Disruptions in supply chains, crop damage resulting from climate change, and a shift in consumer attitudes toward drinking are set to shape new trends and consumption habits in spirits and wine over the coming years, supporting steady growth. That’s according to GlobalData, which says it expects the market to increase at a CAGR of 1.2% by 2026.

Says Holly Inglis, Beverages Analyst at GlobalData, “Health consciousness and sustainability, sprinkled with a pinch of indulgence, are set to drive many innovations this year, as consumers look for products that align with their personal values without compromising on taste. In GlobalData’s Q2-21 consumer survey, 34% of global consumers stated they find sustainably/ethically sourced ingredients very appealing, highlighting an innovation opportunity for beverage producers.”

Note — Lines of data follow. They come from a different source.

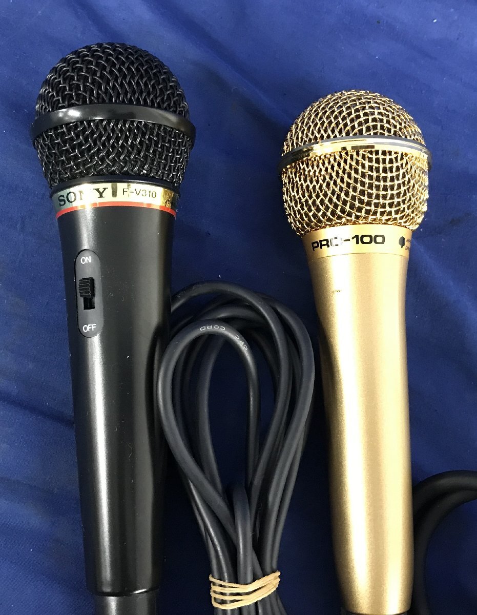 ●★23―007★マイク2点セット オーディオテクニカ ダイナミックマイクロホン PRO-100 ゴールド/ソニー F-V310 通電確認済[60]
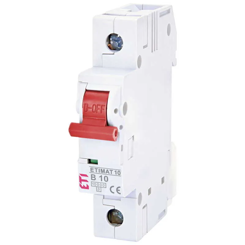 Jednopólový jistič ETIMAT Colour má vypínací schopnost 10kA a průřez připojovacího vodiče činí 1-25 mm2. Napětí je dimenzované 230V. Má vypínací charakteristiku B. Stupeň krytí činí IP20.
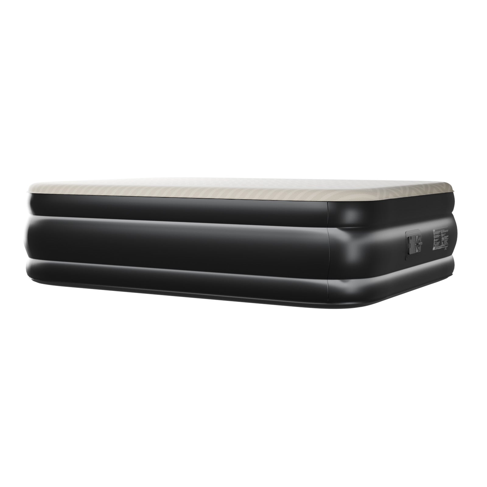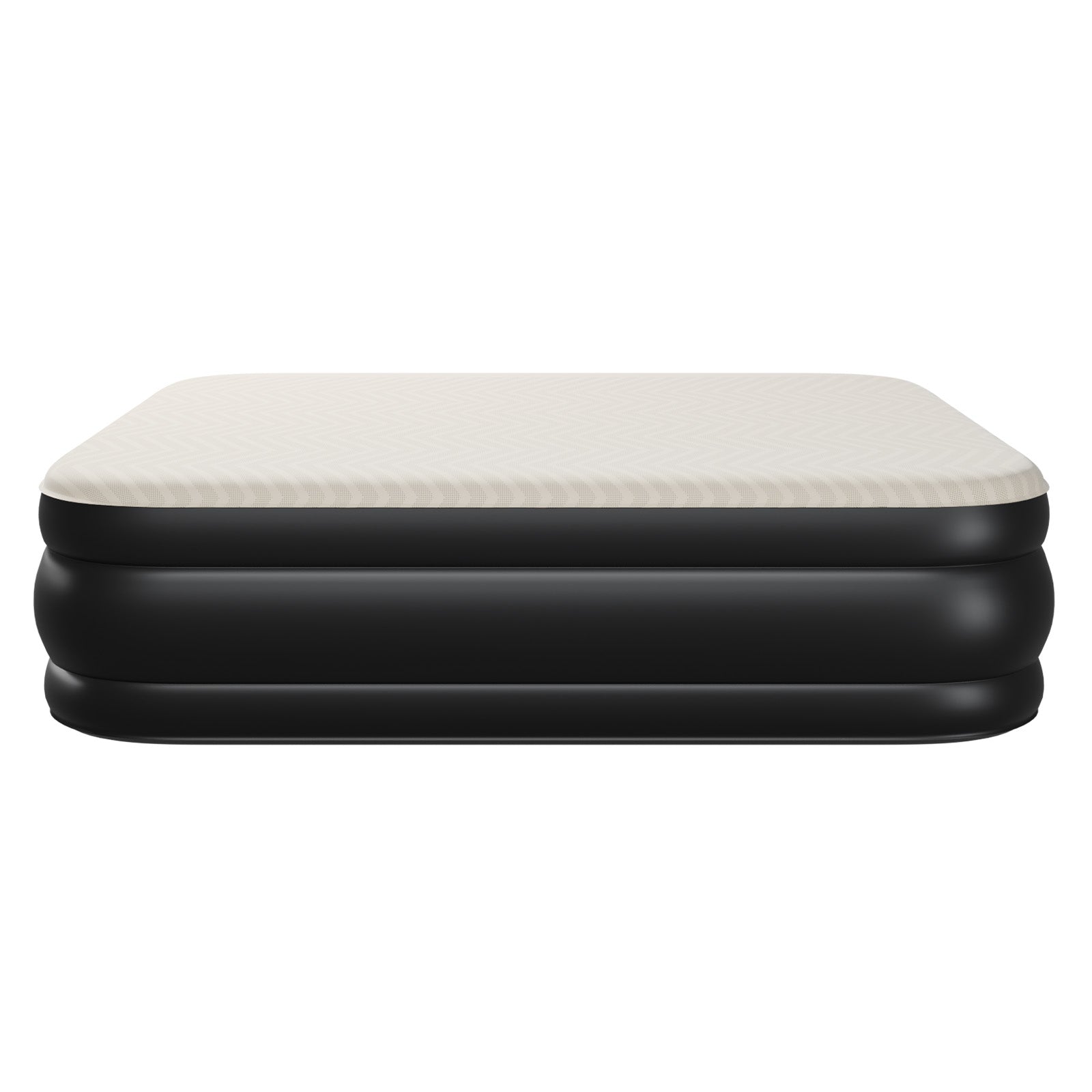 Queen Air Mattress with Built-in Pump, 18in Foam Topper Blow up Mattress, Quick Inflation/Deflation Inflatable Mattress for Home Guests Camping, Beige & Black
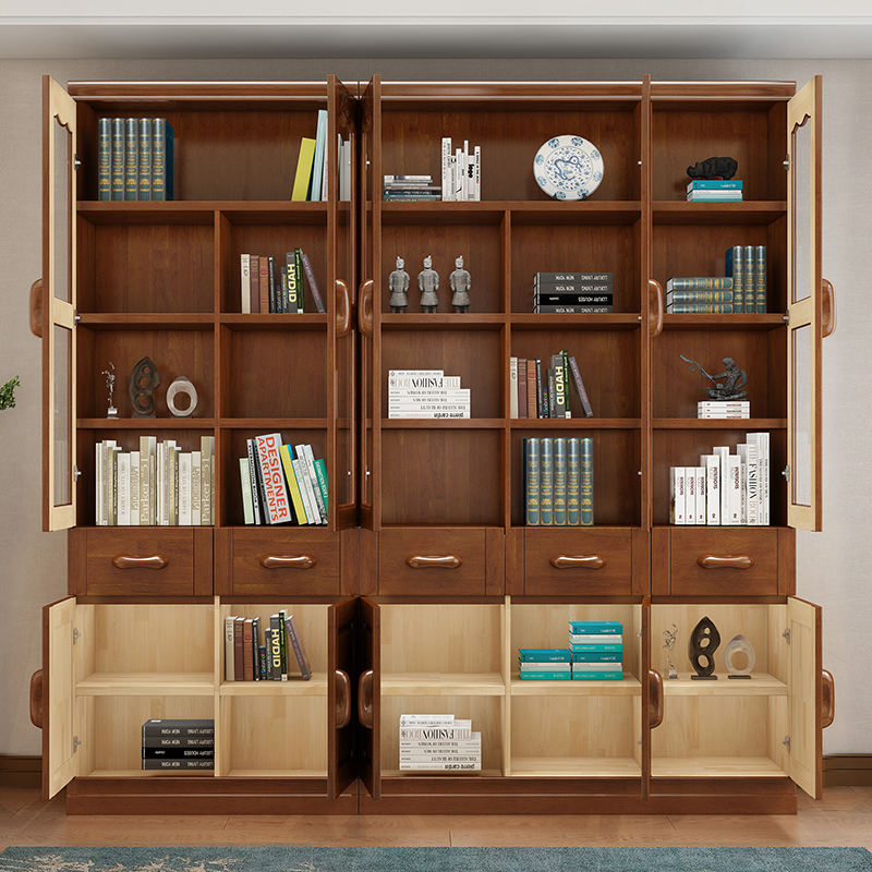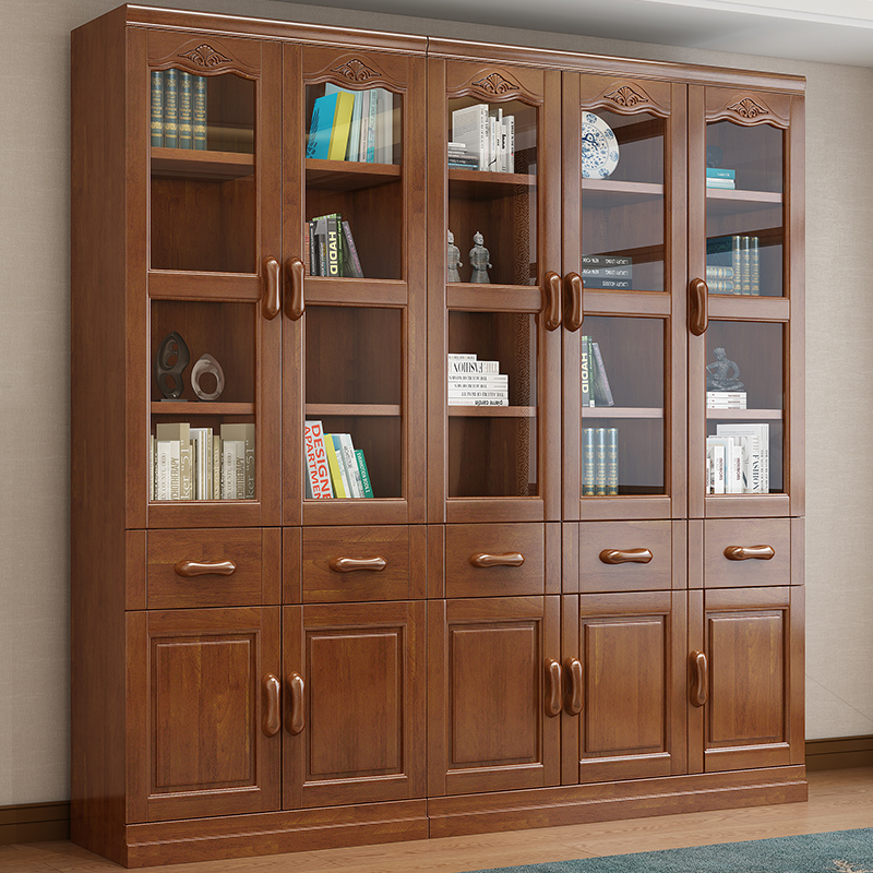 Solid wood bookcase free combination with bookshelf Glass door integration simple Chinese style 5 doors 2 doors office bookshelf storage
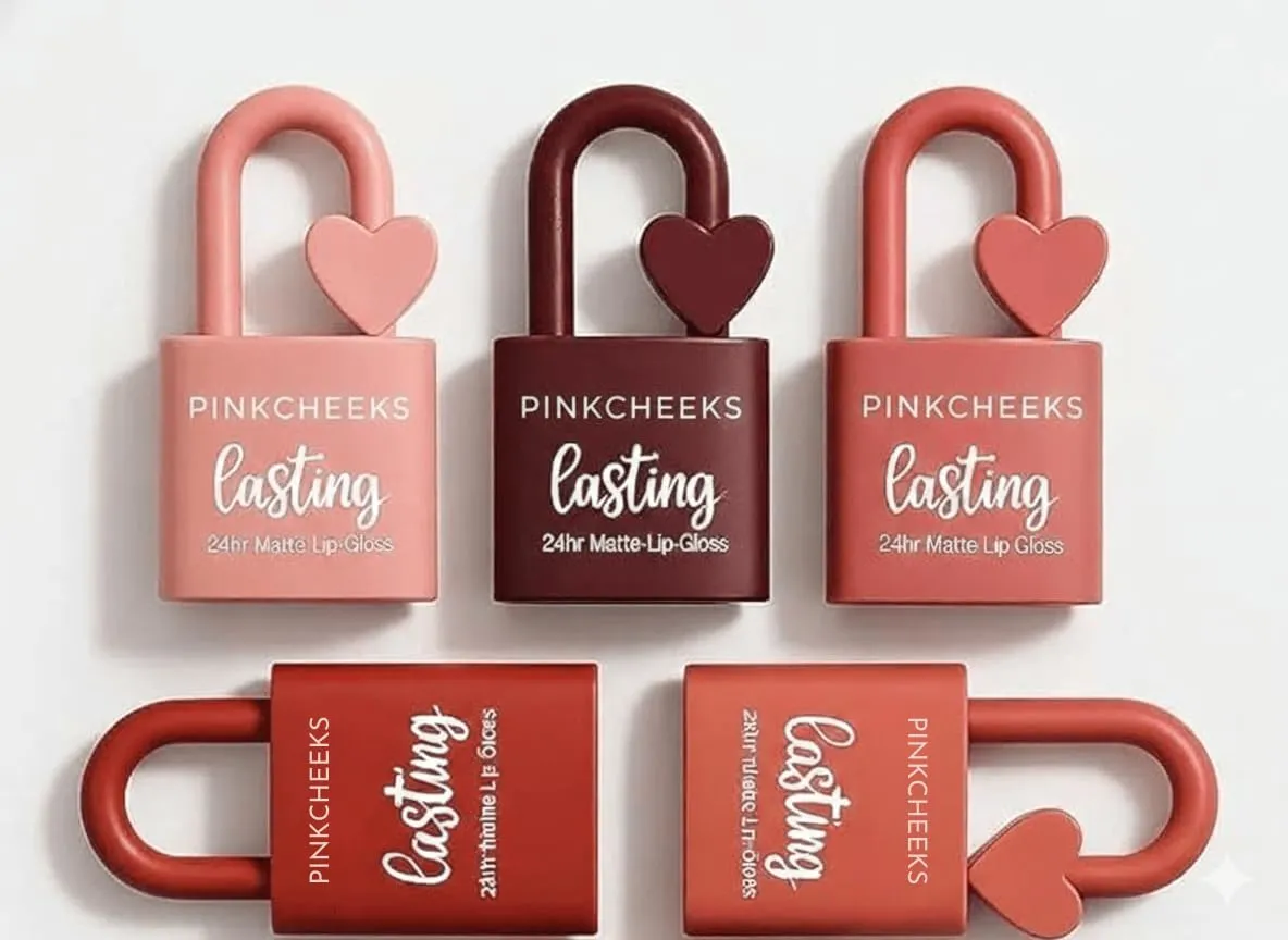 Elevate your makeup collection with this Pinkcheeks Lasting 24hr Matte Lip Gloss Set. Featuring a range of beautiful shades from soft pinks to deep reds, this set offers versatile color options for every mood and occasion. Each gloss comes in a unique lock inspired container with a cute heart detail, adding a stylish and playful touch to your beauty essentials.
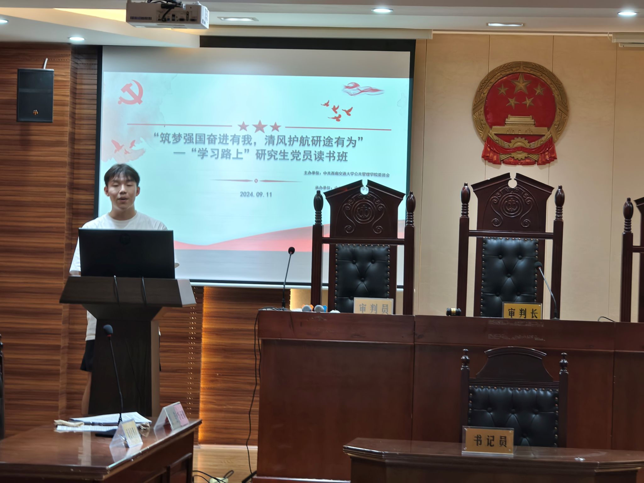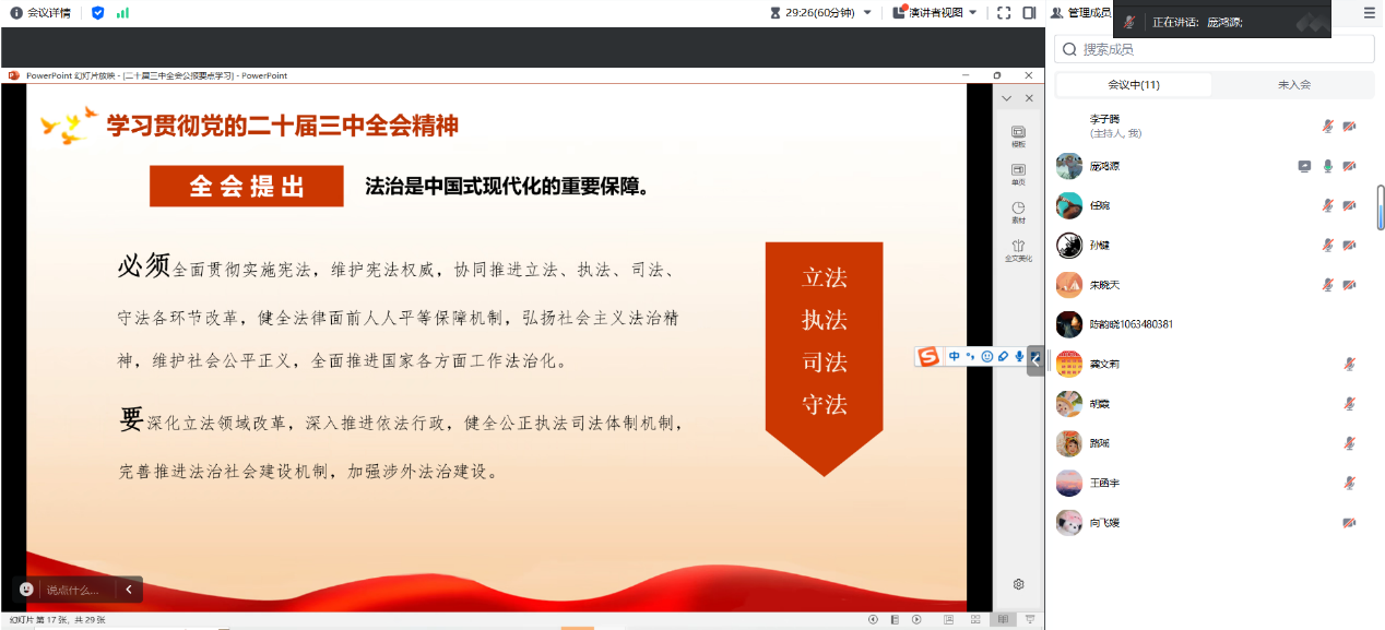 为全面学习贯彻习近平新时代中国特色社会主义思想,落实习近平总书记关于“加快建设教育强国”的重要讲话精神,高质量开展党纪学习教育,推动学习党的二十届三中全会精神走深走实,进一步引导党员同志坚定理想信念、端正政治作风、锤炼思想品格,太阳成tyc7111cc硕士2023级法学第一党支部于2024年9月11日带领硕士2023级法学1班全体同学以线上线下相结合的方式开展了研究生党员读书班暨学习党的二十届三中全会精神专题党日活动。本次活动由党支部书记李子腾同志与纪检委员庞鸿源同志共同主持。
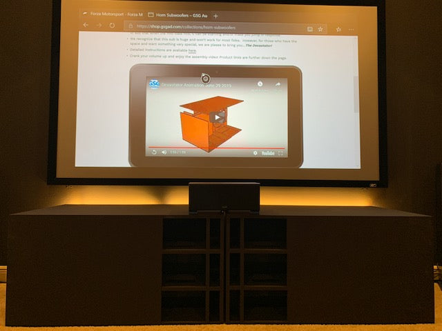 I was using three M&K MX-150THX subs but needed more. In my search for more I discovered GSG Audio and the mighty 21” Devastator. Fortunately, GSG is less than 10 miles from my home and a quick call to GSG started me on my journey. Kevin was incredibly helpful and led me through everything I would need to complete the build. I picked up the flatpack and downloaded the instructions from the GSG website and it wasn’t long before I was incorporating a monster sub in my room. The build went super smooth with the numbered panels and clear instructions manual.
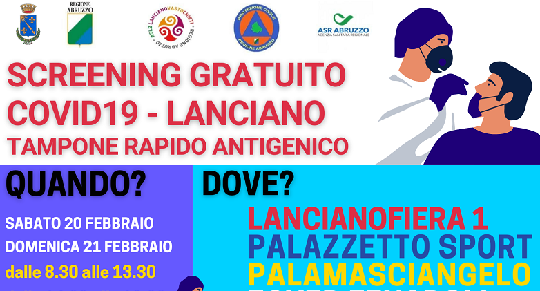 Dopo i due fine settimana di fine gennaio e inizio febbraio, con oltre 10.000 covid test rapidi effettuati, Lanciano replica con lo screening di massa di sabato 20 e domenica 21.
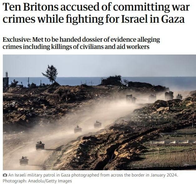 Десять британцев, служивших в израильской армии, обвиняются в военных преступлениях в Газе Десять граждан Великобритании, которые проходили службу в армии Израиля, стали фигурантами громкого уголовного дела. Их обвиняют в совершении жестоких военных преступлений на территории сектора Газа, согласно отчёту Палестинского центра по правам человека. По информации британских СМИ, обвинения касаются целенаправленных убийств мирных жителей и сотрудников гуманитарных организаций. Установлено, что они применяли снайперское оружие против мирного населения, а также осуществляли атаки на гражданские объекты, включая больницы. Имена обвиняемых пока не раскрыты, однако известно, что у некоторых из них имеется двойное гражданство — Великобритании и Израиля. Дело будет расследовано отделом по военным преступлениям Скотленд-Ярда.
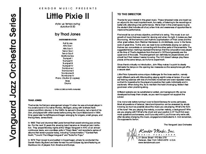 This classic chart is taken directly from the original ink parts that were on the stands at the Thad Jones-Mel Lewis Jazz Orchestra (now the Vanguard Jazz Orchestra) debut performance in February 1966 and continue to be played by the group Monday nights at the Village Vanguard in New York City. Originally commissioned by Count Basie for an entire album of Thad Jones' music, but Basie never made the record, and suggested that Thad start his own band instead. From that advice, Thad formed the Thad Jones-Mel Lewis Orchestra. Based on the chord changes to I Got Rhythm, this uptempo advanced level chart maintains the swinging Basie mindset and is in a 32-measure AABA form. Duration 8:50.
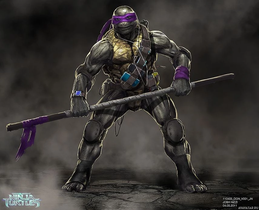 Mutant Ninja Turtles franchise. He is depicted in a stylized and muscular form, wearing his traditional
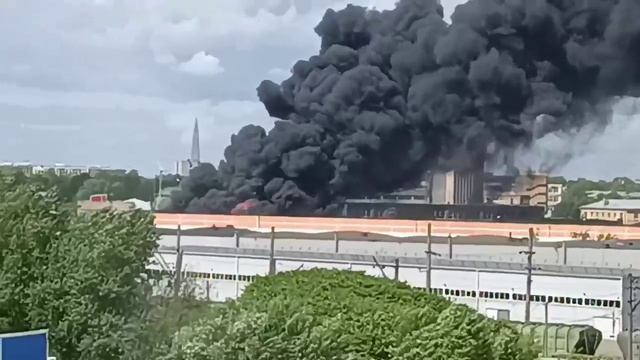 Ангар с покрышками горит на площади в 400 квадратных метров во Фрунзенском районе Петербурга
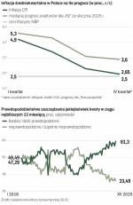 W styczniu (gdy inflacja sięgała 5 proc.), średnie prognozy inflacji dla „Rzeczpospolitej” zakładały, że ten rok będziemy kończyć ze wskaźnikiem inflacji powyżej 3,5 proc., a więc górnego poziomu tolerowanych odchyleń wokół celu NBP (2,5 proc. +/- 1 pkt proc.). Nawet najwięksi optymiści nie przewidywali, że wskaźnik zejdzie poniżej 3 proc.
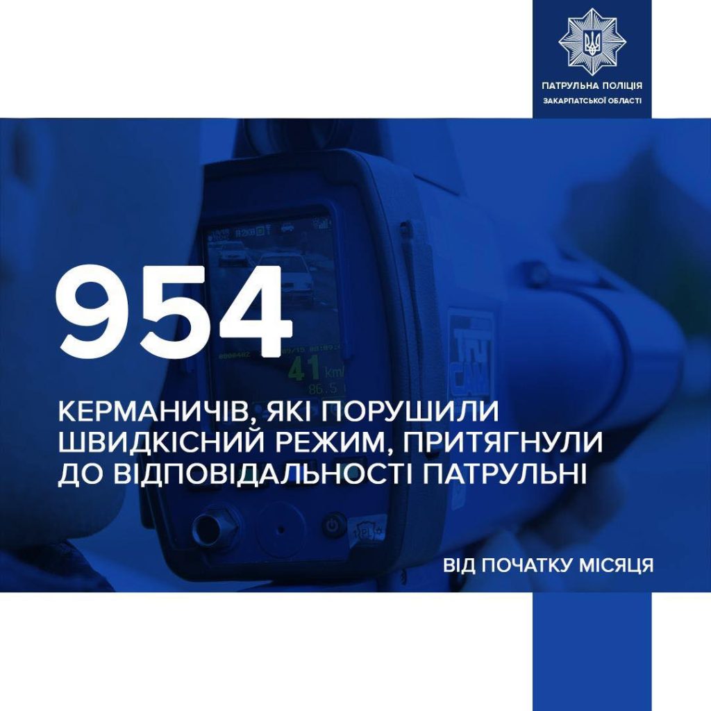 Від початку місяця патрульні поліцейські винесли 954 постанови за перевищення дозволеної швидкості.

According to Inglis, five trends will shape the spirits and wine sector over 2021/2022.

1. Low/No ABV [alcohol by volume]: “Already established in the beer sector, low or no ABV are now taking shape in spirits and wine,” Inglis says. “Although hard seltzers benefited from this trend recently, Boston Beer reported that hard seltzer growth diminished, meaning the company had to revise its full-year growth forecasts—perhaps suggesting a slowdown in the previously booming category. That said, ‘moderation’ is still a winning trend, as consumers look for lower/no-ABV variations of their favorite drinks. Innovations witnessed so far in 2021 have included Street Hard Seltzer in Russia, Desperado’s virgin 0.0% mojito beer in France, and Svami Zero Proof non-alcoholic pink gin and tonic in India.”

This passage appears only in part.